Remember that a slope is a smooth surface that is being interpolated to a grid format.
Choosing a cell size can be important. At a 20ft resolution, you will be getting parts of larger trees and 60ft may be more appropriate to capture a more completepicture of the landscape vegetaion. Converting to height above ground allows for the use of cells of arbitrary size. Your analysis can match up with the cell size and footprint to exactly match the cell alignment of existing data.
There are several other statistical measures that are available in r.in lidar: n, mean, range, sum, standard deviation, variance, coefficeint of variance, median,percentile, skewness, trimmean. Mean height, variance and skewness are metrics used in vegetation analysis.
At the 20ft resolution, repeat r.in.lidar for variance and mean methods. What differences do you see in the resulting rasters?
Repeat r.in.lidar at 20ft resolution using n as the statistic to create a point count layer.
- Go to the Selection tab and
- Set the z range to 3,10
- Set the output raster to bladen_20ft_shrub_count
- Click Run
- Go to the Selection tab
- Set the zrange to 10,20
- Set the output raster to bladen_20ft_midstory_count
- Click Run
As stated above, using the raw point count is not suitable for vegetation analysis in areas where there are overlaps in collection.
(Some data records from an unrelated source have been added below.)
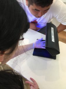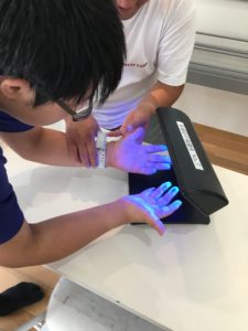 手洗いチェッカーに手をかざすと洗えていないところが青く光って一目でわかります。
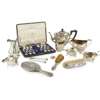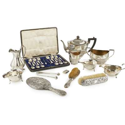 G.B. London 1893, comprising a teapot, twin handled sugar basin and milk jug, all of oval form, demi-fluted body, angular handles; together with a cased set of twelve teaspoons and pair of tongs, Glasgow; three various cream jugs; a pair of tongs; a \victorian snuff box, a dressing table set and a plated cream jug
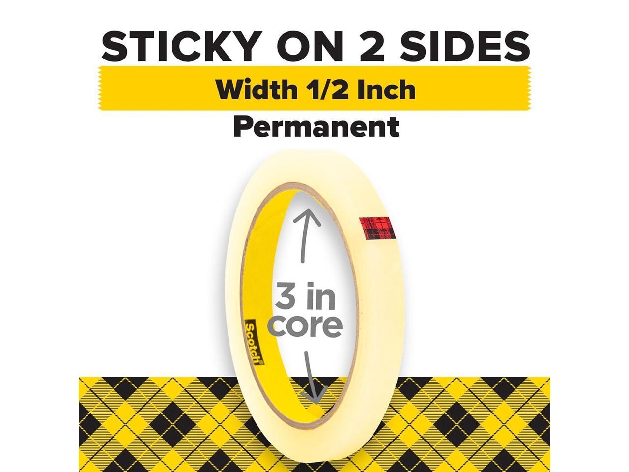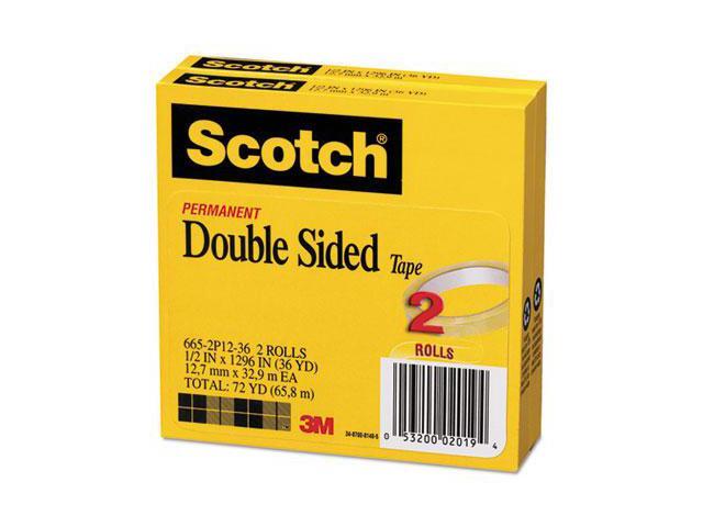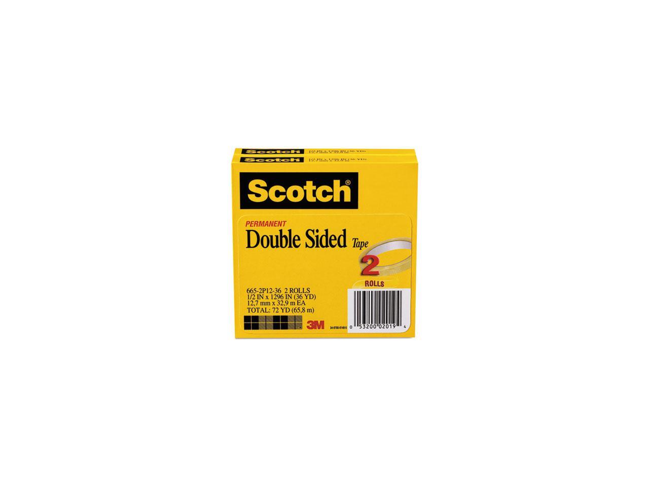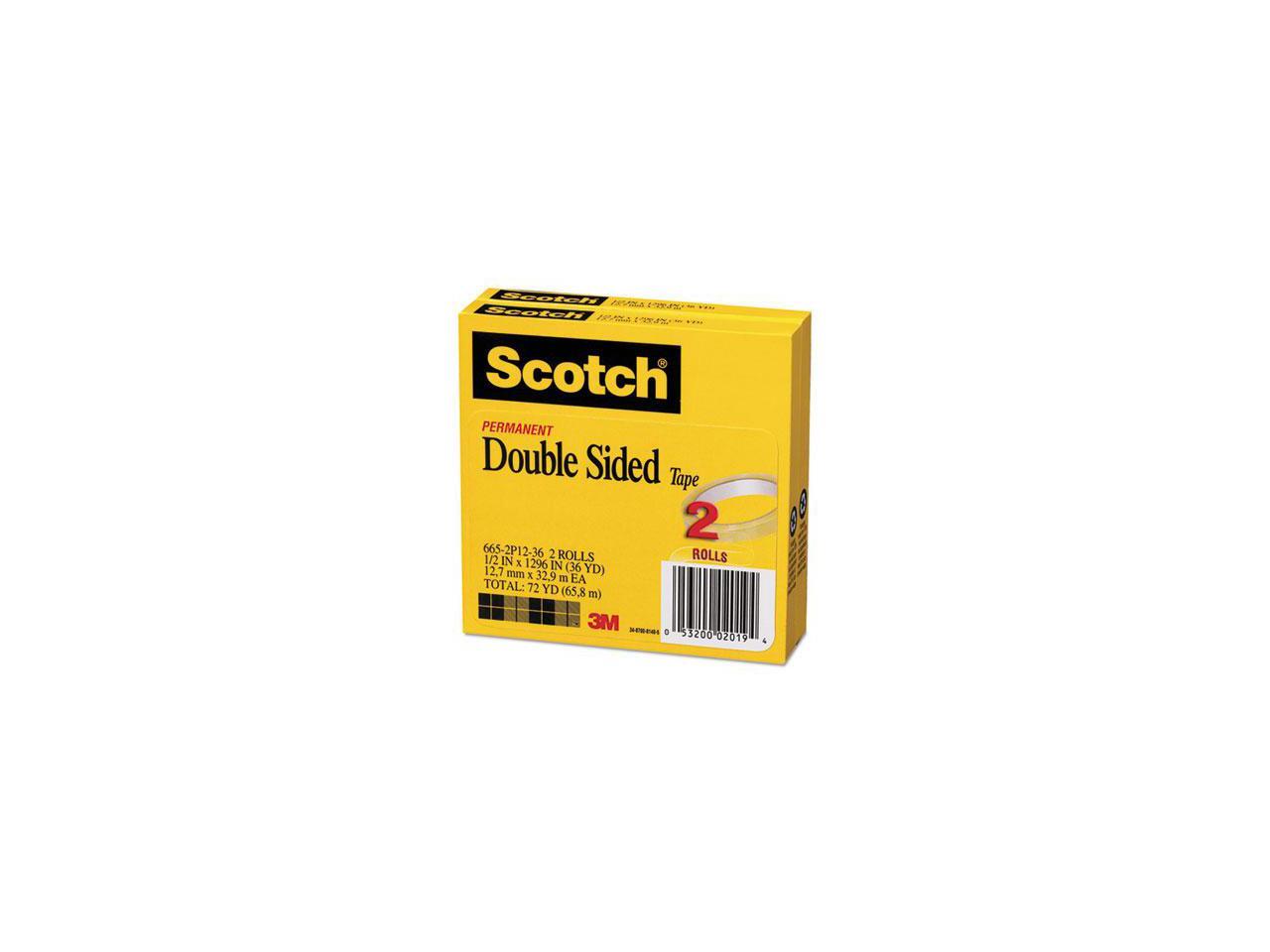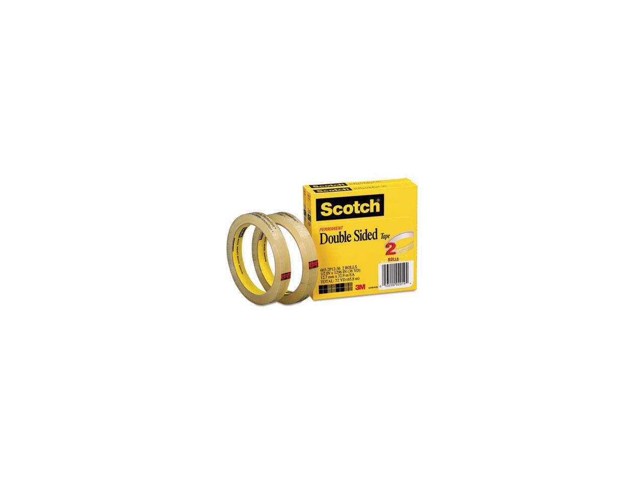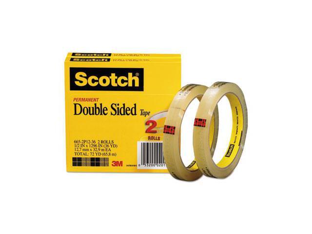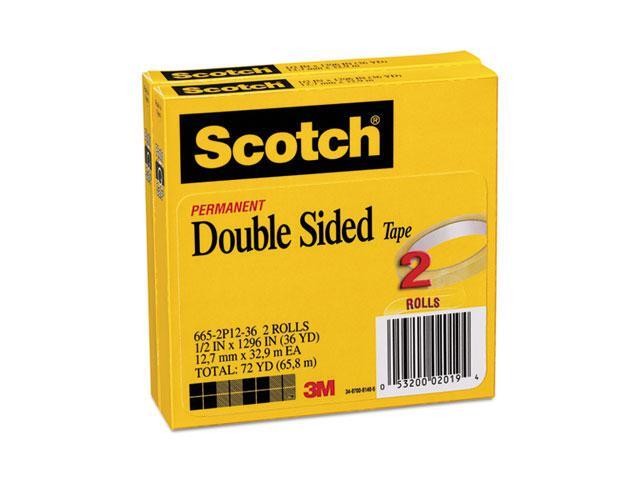 Scotch 665 Double-Sided Tape 1/2" x 1296" 3" Core Transparent 2/Pack 6652P1236

However, if horizontal sections of the point counts per cell are divided by the total point count per cell you can compare the percentage of the points that occur in horizontal sections. In this case, we will be using raster algebra to divide the shrub and midstory point counts by the total point counts using r.mapcalc, https://grass.osgeo.org/grass71/manuals/r.mapcalc.html .
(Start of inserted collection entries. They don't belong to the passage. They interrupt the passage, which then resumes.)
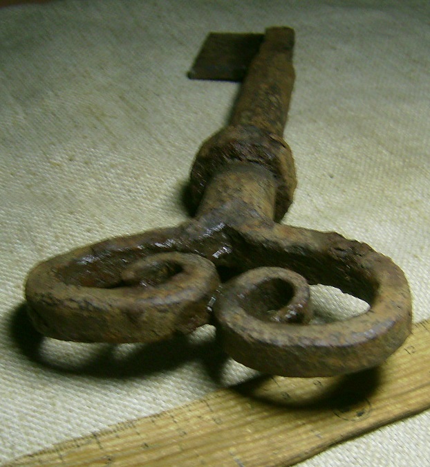 Доброго. Ключ для открывания внутреннего засова на дверях чего-либо важного - амбара, например. Думается век 19-й. Изделие местного кузнеца.
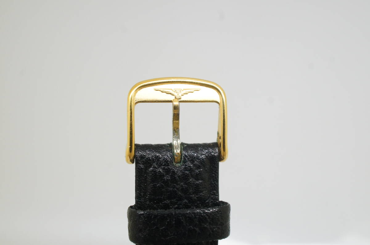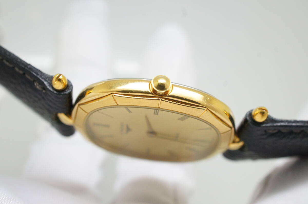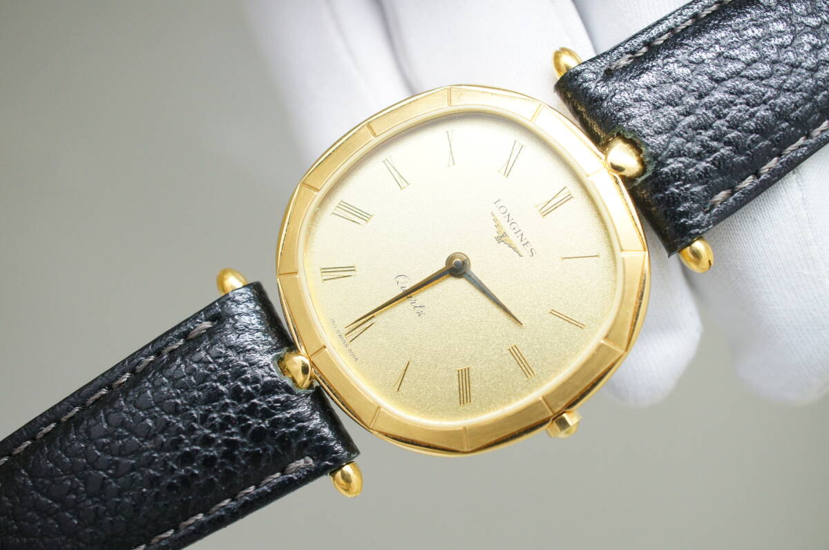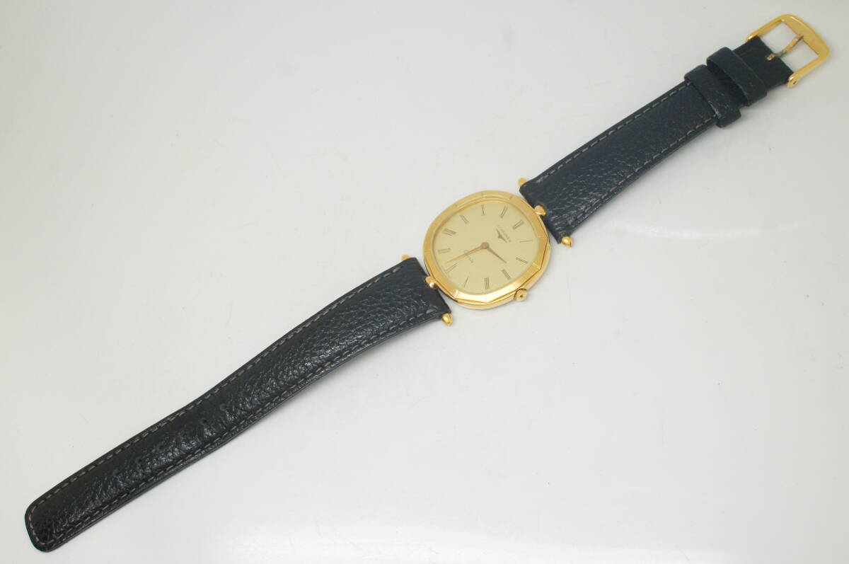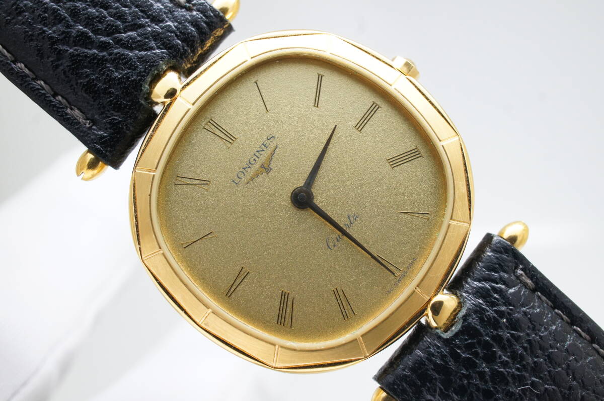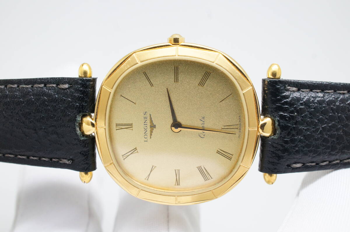 J121●作動良好 美品 LONGINES ロンジン L150.2 金文字盤 全ローマン数字 メンズ腕時計 ゴールド金×黒ベルト お洒落 クォーツ
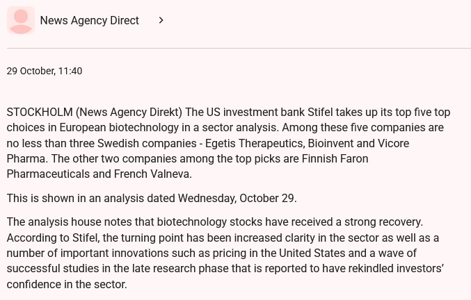 Viime viikolla länsinaapurissa uutisoitiin Stifelin nostaneen Faronin TOP5 listalle Euroopan biotekkien joukossa. Olen yrittänyt tuota Stifelin sektorirapsaa netistä kaivella huonoin tuloksin, olisiko jollakin täällä käsillä?
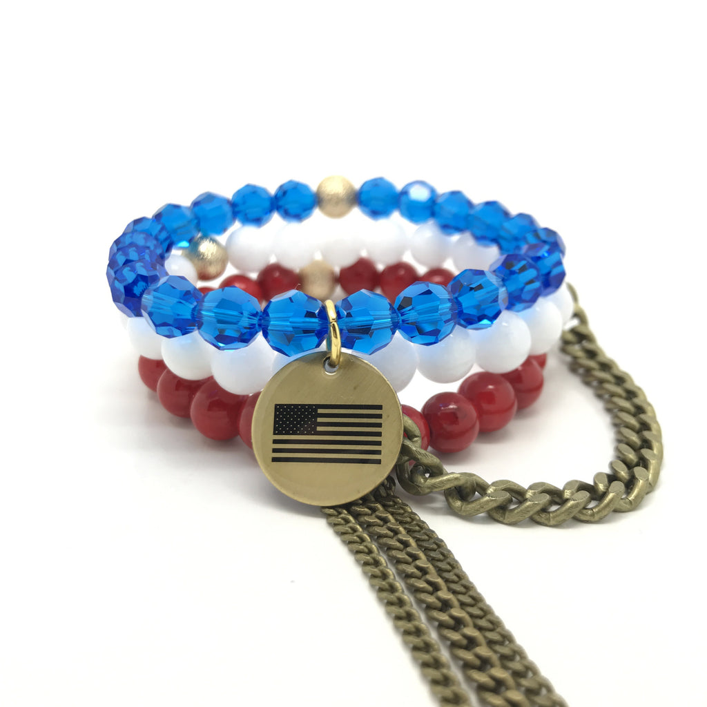 This red, white and blue stack comes with the three singles pictured with chain detail and our custom two sided American Flag charm. Flag has all 13 stripes and 50 stars on it!
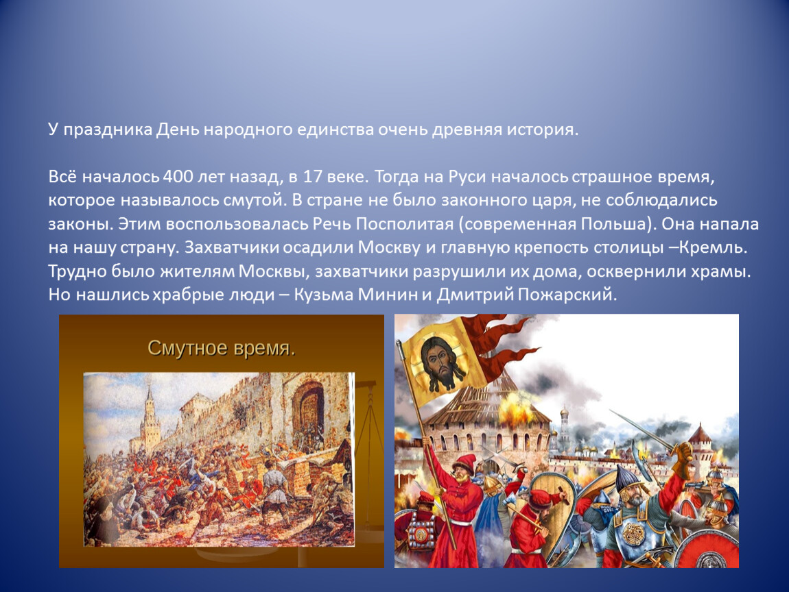 Всё началось 400 лет назад, в 17 веке. Тогда на Руси началось страшное время, которое называлось смутой. В стране не было законного царя, не соблюдались законы. Этим воспользовалась Речь Посполитая (современная Польша). Она напала на нашу страну. Захватчики осадили Москву и главную крепость столицы –Кремль. Трудно было жителям Москвы, захватчики разрушили их дома, осквернили храмы. Но нашлись храбрые люди – Кузьма Минин и Дмитрий Пожарский.

- Go to Raster-->Raster map calculator (r.mapcalc)
This will open the r.mapcalc menu:
- Enter bladen_per_shrub in the Name for new raster map to create
- Use the dropdown in the Insert existing raster map section to select bladen_20ft_shrub_count
- Click on the / button for division
- Use the dropdown to select bladen_20ft_count
Now things get interesting. The point count rasters are integers. Mathmatical operations between integers results in an integer. Dividing an integer by a larger integer number results in a number less than one. In an integer grid, this truncates to 0.
To get around this, you convert each integer grid before the operation to a floating point grid, so bladen_20ft_shrub becomes float(bladen_20ft_shrub) and bladen_20ft_count becomes float(bladen_20ft_count) and you divide one floating point grid by another floating point grid and you get a floating point grid.
Multiply this floating point grid by 100 to put the values back in the range of 100 to 0. Finally, convert results of the entire operation back to an integer grid by enclosing it with int() . The final command in the Expression box is:
int((float(bladen_20ft_shrub_count@PERMANENT)/float(bladen_20ft_count@PERMANENT))*100)
The resulting raster should look like this:
Repeat the exercise with the midstory layer and compare the two layers. Do you see differences between the shrub and midstory percentage of points layers?
We will continue the vegetation analysis, but first we need to take a short side trip into terrain analysis that will relate back to our vegetation analysis.. Terrain analysis will be done using geomrphons.
Step 5: Terrain analysis with geomorphons
What are geomorphons? Geomorphon is a new technique for classifying terrain based on a line of sight analysis, see http://geomorphometry.org/system/files/StepinskiJasiewicz2011geomorphometry.pdf
and , http://www.sciencedirect.com/science/article/pii/S0169555X12005028
The technique uses a line of sight metric for terrain form calculation. There are options for a simple 10 class representation, a 498 class numeric coding, or positive and negative encoding per cell on line of sight.